What does it mean for two ideals to coincide locally on a Zariski open subset? Let $R$ be a Noetherian ring and $I,J$ $R$-ideals. Write
$I^{\left<J\right>}=\bigcup\limits_{n\geq1}(I:J^n)$, where $(I:J^n)=\{r\in R\mid rJ^n\subset I\}$. Show $I^{\left<J\right>}$ is the unique largest $R$-ideal that coincides with $I$ locally on the open set $\operatorname{Spec}(R)\setminus V(J)$
where $\operatorname{Spec}(R)$ is the set of all prime ideals of $R$ with the Zariski topology and $V(J)$ is the set of all prime ideals containing $J$.
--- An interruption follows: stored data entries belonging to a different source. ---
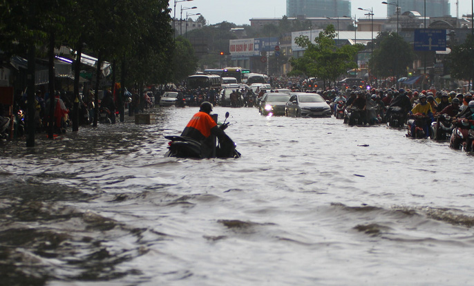 Cách đó không xa, đường Phạm Văn Đồng đoạn qua phường Linh Đông (quận Thủ Đức), nước cũng dâng cao hơn nửa bánh xe. Hàng loạt phương tiện chết máy, giao thông "tê liệt" sau khi mưa đổ xuống chừng 30 phút.
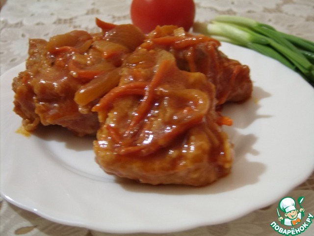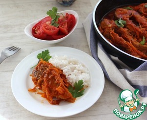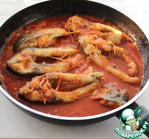 Готовила филе пикши. Я почему-то в маринаде больше люблю делать филе, чтобы потом косточки не попадались. Но добавила немного сахара, томат кисловатый был.
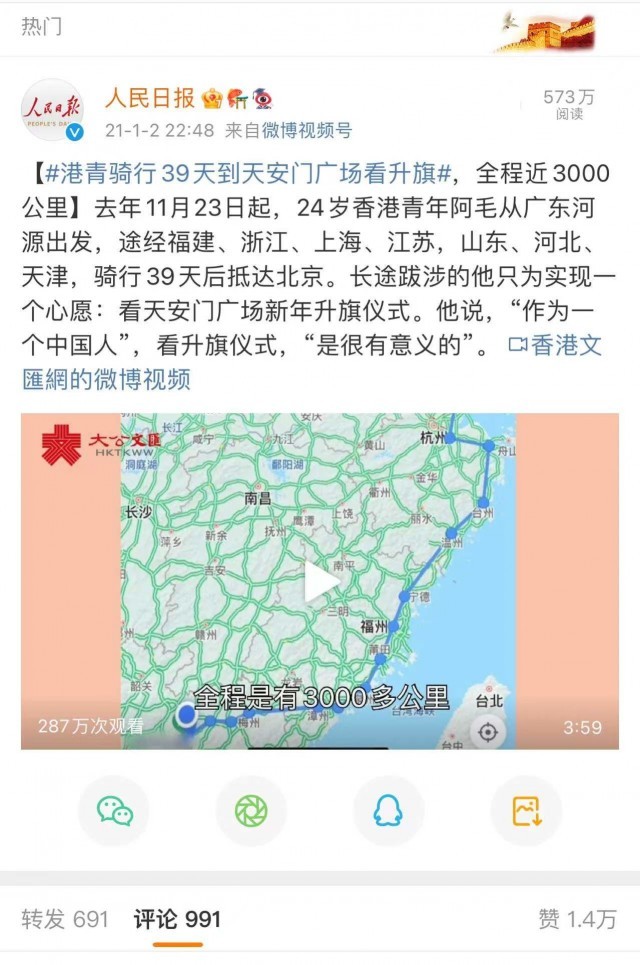 2020年,一次近3000公里单车骑行之旅曾让赖都冲上热搜话题榜,受到全网网友关注。那次长达39天的长途跋涉只为实现一个心愿——到北京,看天安门广场新年升旗仪式。“作为一个中国人”,看升旗仪式,“是很有意义的”,这个香港小伙说。
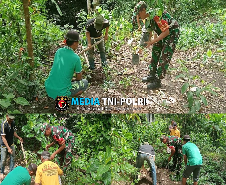 Babinsa Kelurahan Sumberdiren Koramil 0808/02 Garum Kodim 0808/Blitar Serda Agus H bersama warga setempat melakukan kegiatan penanaman pohon keras jenis trembesi, sukun dan mahoni bertempat di Lingk. Sumberdiren Kel. Sumberdiren Kec. Garum Kab. Blitar, Rabu (1/1/2025).
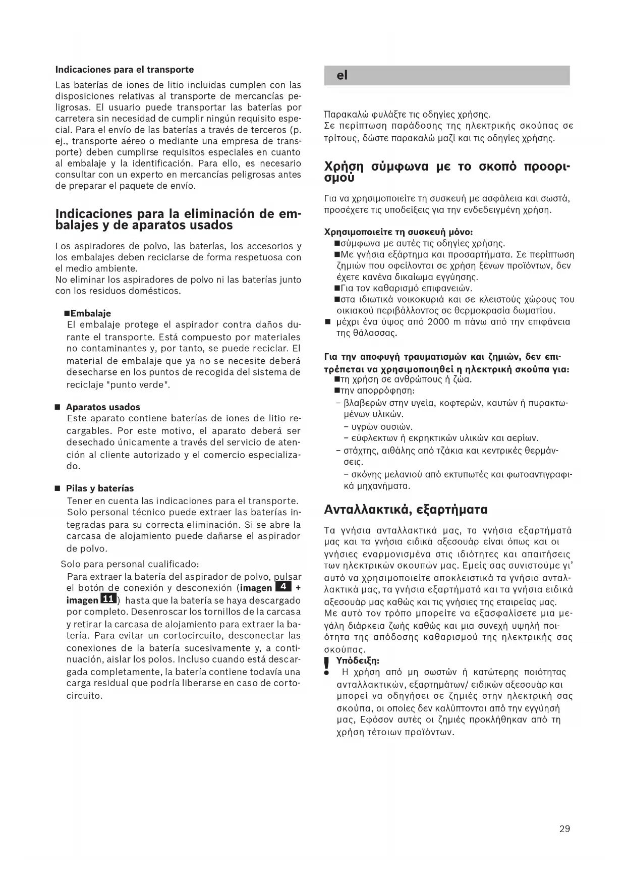 Η συσκευασία προστατεύει την ηλεκτρική σκούπα από ζημιά κατά τη μεταφορά. Αποτελείται από φιλι- κά προς το περιβάλλον υλικά και γι' αυτό είναι ανα- κυκλώσιμη. Παραδώστε τα υλικά συσκευασίας που δε χρειάζονται άλλο, στα σημεία συγκέντρωσης των υλικών ανακύκλωσης. Παλιά συσκευή Αυτή η συσκευή περιλαμβάνει επαναφορτιζόμενες μπαταρίες ιόντων λιθίου. Γι’ αυτό η απόσυρση της συσκευή επιτρέπεται μόνο μέσω των εξουσιοδοτη- μένων κέντρων εξυπηρέτησης πελατών και των ειδι- κών καταστημάτων. Επαναφορτιζόμενες μπαταρίες / μπαταρίες Προσέξτε παρακαλώ τις υποδείξεις για τη μεταφο-
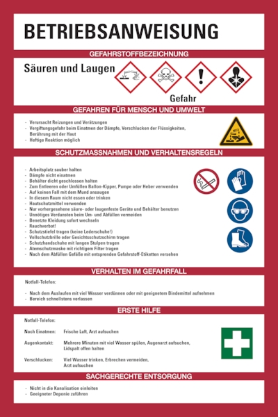 Aushang, Betriebsanweisung für Säuren & Laugen - GHS/ISO 7010 Piktogramme - 200x300x1.5 mm Kunststoff
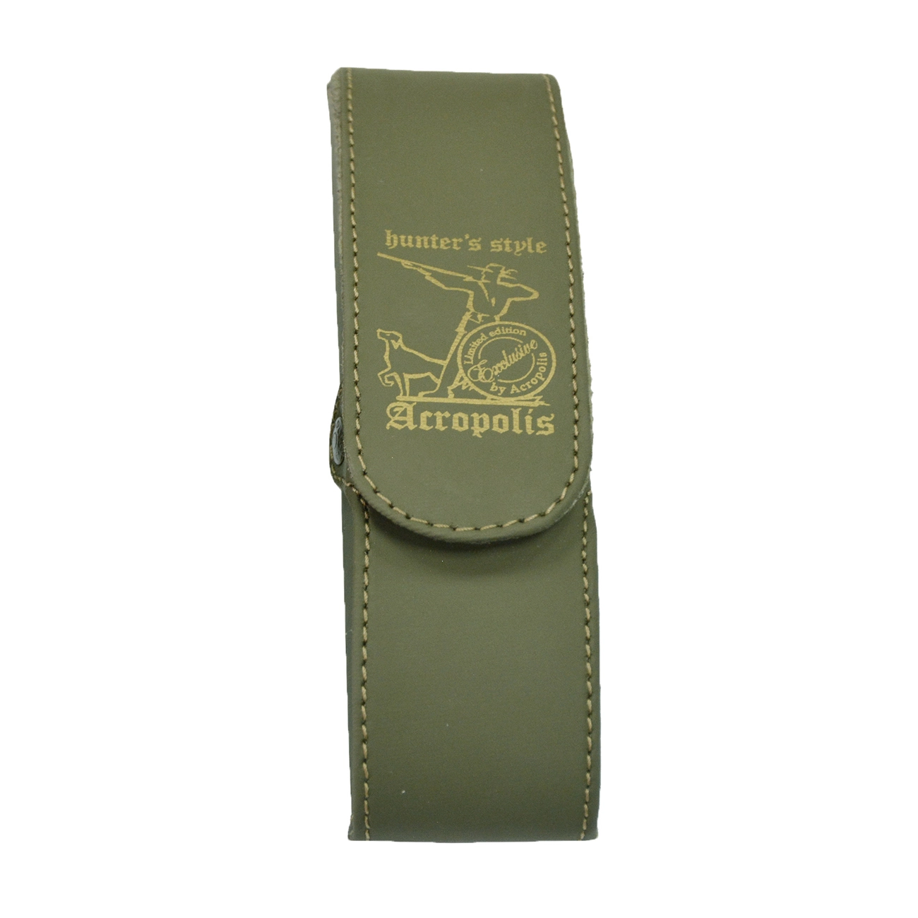 Вертикальний футляр з тематичним малюнком для вузьких окулярів. Колір - оливковий. Виготовлений із зносостікого матеріалу, який добре витирається. На одній із сторін є кріплення на пояс. Краї чохла прошиті та зафіксовані брендованими кнопками Acropolis. Футляр закривається на магнітну кнопку. В середині виробу – флісова підкладка.

My question is what it means for two ideals to coincide locally on a Zariski open subset?

 A: Let $U = \operatorname{Spec} R \setminus V(J)$. I’m guessing that means that for every $\mathfrak p ∈ U$, the localizations of these ideals at $\mathfrak p$ coincide, that is to say $I_{\mathfrak p} = I^{⟨J⟩}_{\mathfrak p}$. At least that’s what is true, if I have checked correctly.

 $I^{⟨J⟩}$ does locally coincide with $I$ in this way:
 
*
 
* Obviously, $I ⊆ I^{⟨J⟩}$, so $I_{\mathfrak p} ⊆ I^{⟨J⟩}_{\mathfrak p}$ for all $\mathfrak p ∈ U$.
 
*Let $\mathfrak p ∈ U$. Then $\mathfrak p \not ⊇ J$, so there is some $c ∈ R\setminus \mathfrak p$ with $c ∈ J$. Hence for all $r ∈ I^{⟨J⟩}$ there is some $n ∈ ℕ$ with $rc^n ∈ I$ and so for any $s ∈ R\setminus \mathfrak p$, you have $r/s = rc^n/sc^n ∈ I_\mathfrak p$, so $I^{⟨J⟩}_{\mathfrak p} ⊆ I_{\mathfrak p}$.
 

I also tried checking that it’s the largest ideal, but I haven’t succeeded. But that wasn’t the question anyway, now was it?
A: $I^{\left<J\right>}$ is the unique largest $R$-ideal that coincides with $I$ locally on the open set $\mathrm{Spec}(R)\setminus V(J)$.
Proof. Since $R$ is Noetherian $I$ has a primary decomposition, $I=\bigcap\limits_{i=1}^{m}q_{i}$ with $q_i$ being $p_i$-primary. Then $$I^{\left<J\right>}=
\bigcup\limits_{n≥1}^{}(\bigcap\limits_{i=1}^{m}q_{i}:J^n)=
\bigcup\limits_{n≥1}^{}\bigcap\limits_{i=1}^{m}(q_{i}:J^n)=
\bigcap\limits_{i=1}^{m}\bigcup\limits_{n≥1}^{}(q_{i}:J^n)=
\bigcap\limits_{i=1}^{m}{q_i}^{\left<J\right>}=\bigcap\limits_{J\not\subset p_i}^{}q_i.$$ (The second equality from Exercise 1.12, the last equality from generalized Lemma 4.4 in Introduction to Commutative Algebra by M.F. Atiyah, I.G. Macdonald)
Let $K$ be an $R$-ideal that coincides with $I$ locally on the open set $\mathrm{Spec}(R)\setminus V(J)$. Take a primary decomposition of $K=\bigcap\limits_{i=1}^{l}s_{i}$. For every $p_j\in\{p_1,...,p_m\}$ with $J\not\subset p_j$, $K_{p_j}=(\bigcap\limits_{i=1}^{l}s_{i})_{p_j}=I_{p_j}=(\bigcap\limits_{J\not\subset p_i}^{}q_i)_{p_j}$. Then since the localization preserves intersections and the primary ideals in a localization are in one-to-one correspondence with the primary ideals of $R$ which don't meet the multiplicative closed subset (Proposition 3.11, 4.8 in the book above), for $q_t\subseteq p_j$, $\bigcap q_t$ is the intersection of some $s_i$. Then $$\{q_i\mid q_i\text{ is } p_i\text{-primary and } J\not\subset p_i \text{ for } i=1,2,...,m\}\subseteq\{s_1,...,s_l\}.$$ So $K\subseteq I^{\left<J\right>}$ and $I^{\left<J\right>}$ is the unique largest such ideal.